The end of North Sea oil and the finance bubble cannot be reversed – these are headwinds that the economy has to overcome. We have to find new sources of productivity growth rather than looking back nostalgically at these former glories (for example, there’s a risk that the enthusiasm for fracking and fintech represent just such nostalgia).

Energy. Here, a post-privatisation dysfunctional pseudo-market has prioritised sweating existing assets rather than investing. Meanwhile there’s been an unclear and inconsistent government policy environment; sometimes the government has willed the ends without providing the means (e.g. nuclear new build), elsewhere it has introduced perverse and abrupt changes of tack (e.g. in its support for onshore wind and solar).
Lessons for policy makers: develop a rational, long-term energy strategy that will deliver the necessary decarbonisation of the energy economy. Then stick to it, driving innovation to support the strategy. For more details, read chapter 4 – Decarbonisation of the energy economy – of the Industrial Strategy Commission’s final report.

Computer programming.

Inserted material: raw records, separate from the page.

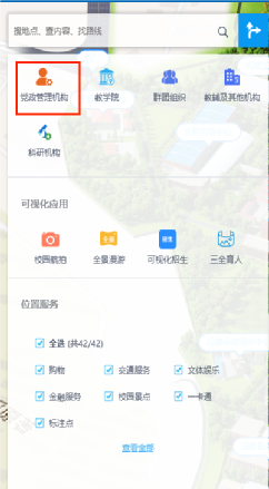 其次,点击页面左侧功能栏【可视化应用】里的【全景漫游】或点击页面右上角【全景漫游】,在地图建筑上会出现小摄像头图标,点击图标可以查看该建筑的全景图。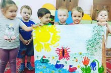 Слова всем знакомой с детства песенки стали темой коллективной работы малышей из группы №5. Все с нетерпением ждут жарких летних дней, а пока для настроения - вот такая яркая картина, основным инструментом создания которой являются ....детские ладошки!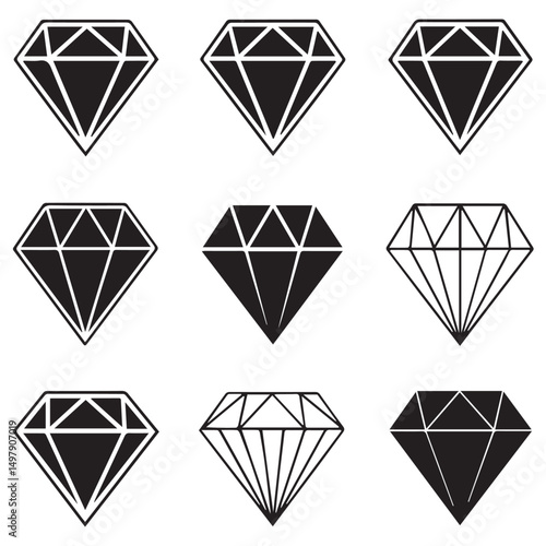 Diamond icon set. Different shapes of diamond cuts. Dimond icon set in flat style. Abstract black diamond collection icons. Gemstone icon set. Diamonds logo
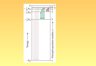 El documento resume la evolución del modelo atómico, desde los primeros modelos de Platón, Aristóteles y Demócrito, hasta el modelo actual basado en la mecánica cuántica. Explica las partículas subatómicas como el electrón y el protón, y cómo experimentos como el de Rutherford llevaron al modelo nuclear del átomo. También describe el comportamiento ondulatorio del electrón, el principio de incertidumbre de Heisenberg, y cómo la ecuación de Schrödinger explica los números cuánticos y los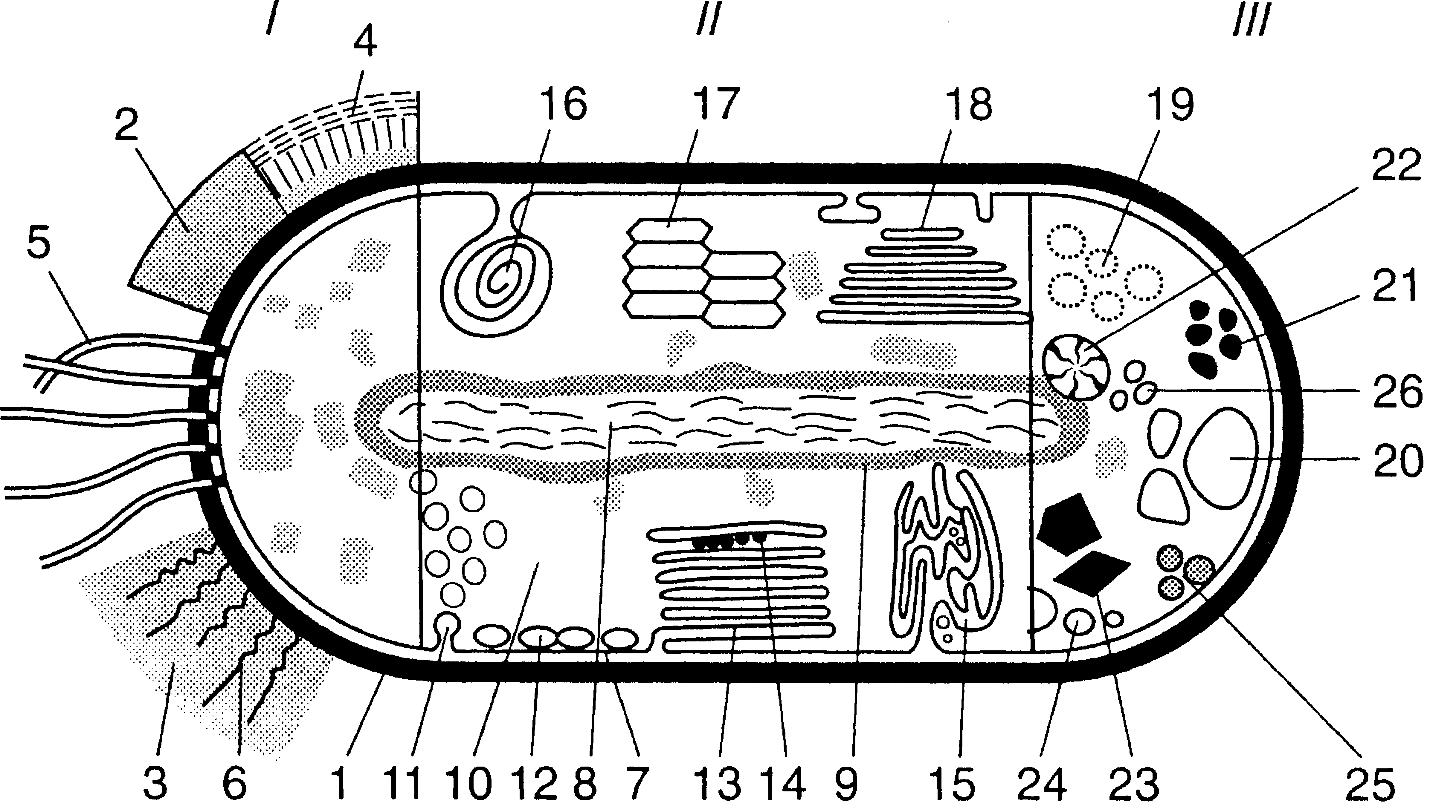 ІІ — цитоплазматичні клітинні структури: 7 — цитоплазматична мембрана; 8 — нуклеоїд; 9 — рибосоми; 10 — цитоплазма; 11 — хроматофори; 72 — хлоросоми; ЇЗ — пластинчасті тилакоїди; 14 — фікобілісоми; 15 — трубчасті тилакоїди; 16 — мезосома; 17 — аеросома (газова вакуоля); 18 — ламелярні структури.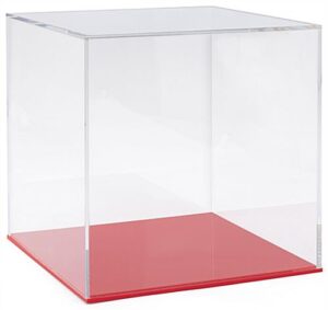 This 12″ square red acrylic display base for our clear lift-off cube will bring some fun color to your favorite exhibit case. The perimeter of the square bottom has an indent to help hold the box shaped lift-off cover in place. You will love having different color options avalible to keep your exhibits looking new and fresh at all times.
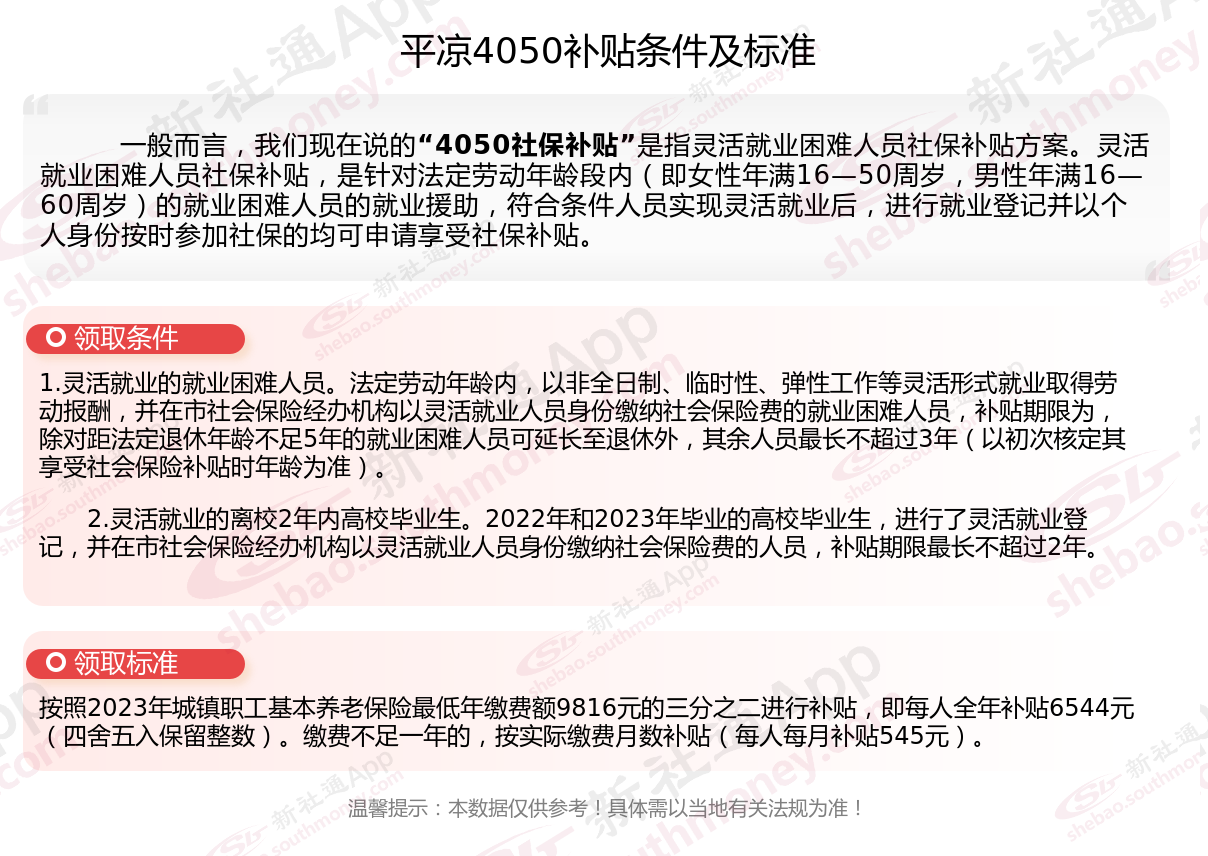 一、2025年平凉4050社保补贴标准及条件是多少?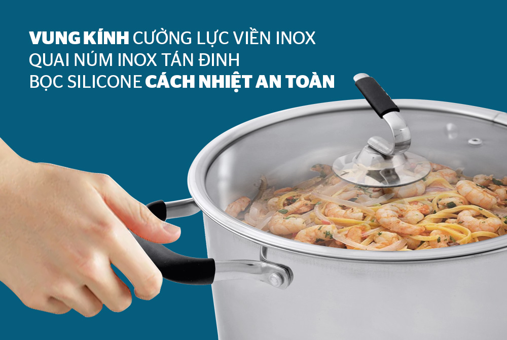 Sản phẩm được trang bị vung kính cường lực, trong suốt giúp bạn dễ dàng quan sát thực phẩm bên trong nồi. Viền mép vung được bọc inox, vừa sang trọng, vừa hạn chế bể vỡ khi va đập.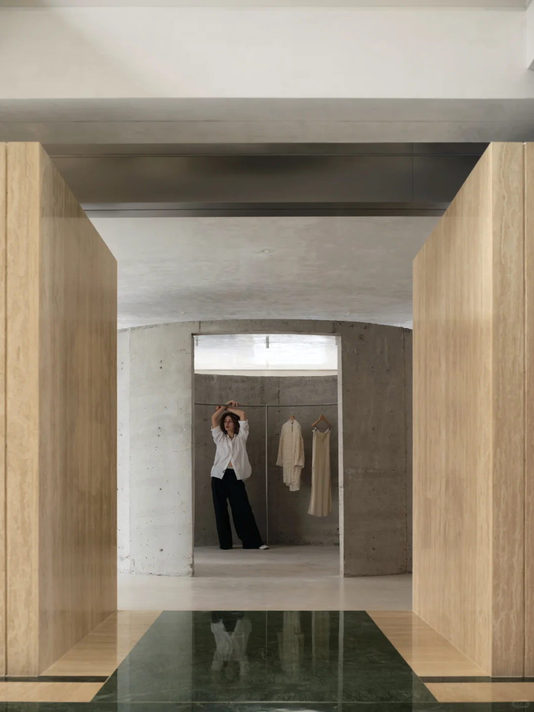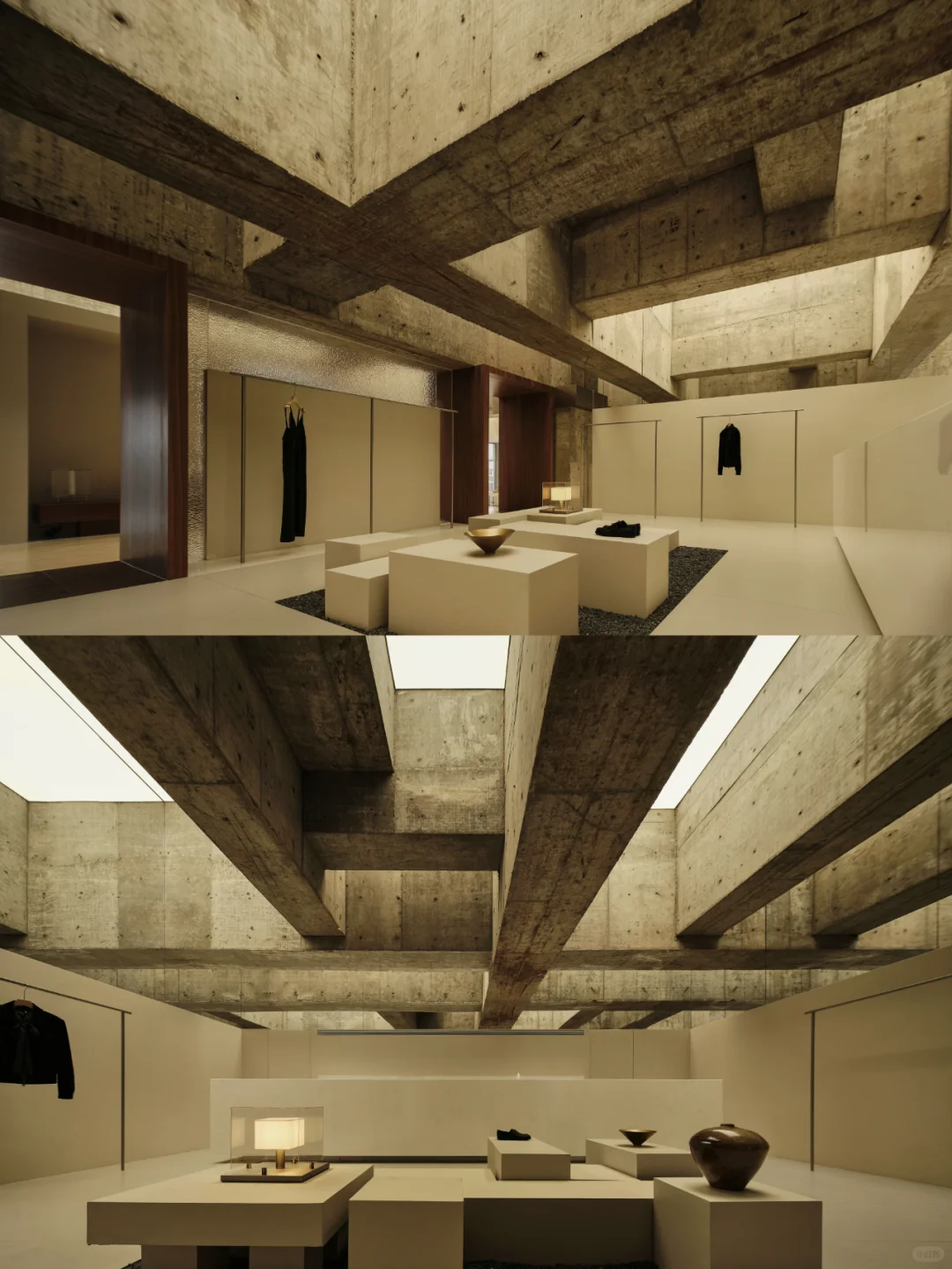 设计回归建筑手法的内在结构展现,平衡不同材质、色泽、肌理的张弛感,重塑与客群更深入且持续的情感链接,打造具有复合功能与内容力的品牌场域。

Here I find myself on less sure ground. Are we seeing the effects of increasing overseas outsourcing and competition, for example to India’s growing IT industry? Are we seeing the effect of more commoditisation of computer programming, with new business models such as “software as a service”?

Telecoms. Again, here I’m less certain of what’s been going on. Are we seeing the effect of lengthening product cycles as the growth in processor power slows? Is this the effect of overseas competition – for example, rapidly growing Chinese firms like Huawei – moving up the value chain? Here it’s also likely that measurement problems – in correctly accounting for improvements in quality – will be most acute.

Pharmaceuticals. As my last blogpost outlined, productivity growth in pharmaceuticals depends on new products being developed through formal R&D, their value being protected by patents. There has been a dramatic, long-term fall in the productivity of pharma R&D, so it is unsurprising that this is now feeding through into reduced labour productivity.
Lessons for policy makers: see the recent NESTA report “The Biomedical Bubble”.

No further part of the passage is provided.